Chen et al. [32] designed the Nanjing risk stratification model based on the gradient tree boosting method implemented in the eXtreme Gradient Boosting (XGBoost) system. They employed the Shapley Additive exPlanation (SHAP) method to explain the XGBoost prediction results. Data from the Nanjing Glomerulonephritis Registry were collected from 18 renal centres and a cohort of 2047 Chinese IgAN patients was divided into a derivation cohort (50%) and a validation cohort (50%). Compared with other machine learning algorithms and statistical methods, this model demonstrated the best performance, with an AUC of 0.89. The XGBoost and SHAP models were incorporated into the Nanjing IgAN Risk Stratification System, which is accessible through a web-based calculator. However, it should be noted that among the 36 variables considered, some show inconsistency in their clinical relevance throughout the disease course.

Zhang et al. [33] analysed five different AI models to predict ESKD within 5 years in Chinese children with biopsy-proven IgAN. The researchers used the chi-squared test to select the most relevant variables from 37 attributes, of which one variable proved to be independent. The XGBoost model exhibited the best performance, with an accuracy of 85.11%. However, a significant limitation of this study is the prediction of ESKD within 5 years for a disease characterized by long-term outcomes, particularly in children who often experience renal function recovery. Consequently, the model's utility in clinical practice may be limited.

Li et al. [34] utilized real-world data from the Nanjing Glomerulonephritis Registry, which collected data from 18 renal centres in China. The cohort of 2047 biopsy-proven IgAN patients was divided into derivation (1022 patients) and validation cohorts (1025 patients). The researchers developed a survival model, Extreme Gradient Boosting for Survival (XGBoost-Surv), adapted to time-to-event prediction to forecast ESKD. They employed the SHAP method to interpret individual predicted results. A panel of 36 variables was considered as candidate predictors. The XGBoost-Surv tool was compared with other conventional machine learning algorithms and statistical methods. The model achieved a performance of 0.82 in the validation cohort using the time-dependent concordance index. The interpretation model identified 10 top variables, with tubulointerstitial damage and global sclerosis emerging as the strongest contributors. The study successfully demonstrated the complex relationship between certain predictors and outcomes. However, it is important to note that this model has not been validated in an external independent cohort of IgAN patients.

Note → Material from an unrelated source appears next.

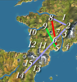 Red line shows cities that need to be connected in the first place (not necessarily in a straight line). Green line show two cities that need to be connected during the third level of the scenario. Blue lines show three cities that need to be connected during the final (fourth) phase of this mission.

Overall, these studies show the potential of AI models for predicting ESKD in IgAN patients. Nevertheless, further validation in large external cohorts and incorporation into clinical practice are necessary to establish their robustness and utility.

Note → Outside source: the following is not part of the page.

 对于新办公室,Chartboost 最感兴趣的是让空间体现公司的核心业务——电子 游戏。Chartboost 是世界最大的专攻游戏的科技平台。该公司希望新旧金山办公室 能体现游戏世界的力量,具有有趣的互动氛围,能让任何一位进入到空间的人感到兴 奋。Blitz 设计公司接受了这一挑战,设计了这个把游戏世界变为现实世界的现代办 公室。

AI: PROMISES AND LIMITATIONS

AI holds great promise for revolutionizing healthcare by enabling the development of new products and services. AI in the era of big data can assist physicians in improving the quality of patient care, but it cannot replace the traditional physician–patient relationship. In fact, AI cannot replace the intellectual work of the physician at the bedside and the conversation between physician and patient.

In the coming years, AI will become a routine part of nephrology, just as today GFR is estimated and not measured in clinical practice. The successful use of AI in nephrology will depend on the awareness of physicians in clinical practice. Nevertheless, lack of familiarity with AI can be overcome by dedicated courses offered by companies to practitioners and by official courses to students in the medical curriculum. However, companies that are involved in the development of AI tools must be legally liable for any medical errors in clinical practice.

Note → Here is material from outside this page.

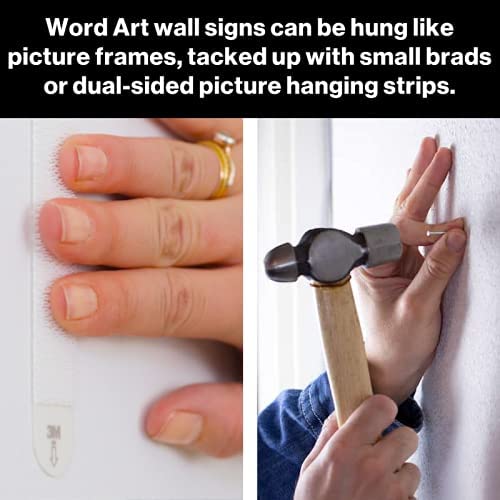 Q: How can I hang the Word Art wall sign?A: You can hang the Word Art wall sign using small brads, or for easier repositioning, you can use dual-sided picture hanging strips, allowing you to move it without damaging your wall.

AI also presents several important limitations. It is crucial to understand and address these limitations to fully leverage the potential of AI in the field of medicine.

One significant limitation of AI is its applicability to rare diseases. Due to the scarcity of real-world data, AI may struggle to generate high-quality systems for diagnosing and treating rare conditions. The lack of sufficient data hampers the development of valuable tools in such cases.

Another limitation arises from the unstructured nature of data involved in the initial diagnosis of kidney diseases, which relies on patient history. If AI lacks a deep understanding of human language, it faces challenges in processing and interpreting unstructured data. The current applications of natural language processing in healthcare, such as chatbots, are limited by this constraint.

AI excels when working with structured data. The development of machine learning tools relies heavily on data generated and collected by physicians. Yet physicians are fallible and can make errors in documentation. If AI models are trained on datasets with inaccuracies or mistakes, the generated output may be erroneous. Therefore, it is crucial to conduct a thorough review and revision of medical files before proceeding with the development of AI tools.

Recent research by Kellis et al. [35] highlights the importance of focusing on understanding the causal pathways underlying disease development rather than solely treating disease manifestations. AI can play a crucial role in unravelling these causal pathways, offering the potential to manipulate disease causation and reverse disease outcomes. Thus, investing time and effort in utilizing AI to comprehend the underlying causes of diseases can have a transformative impact on healthcare.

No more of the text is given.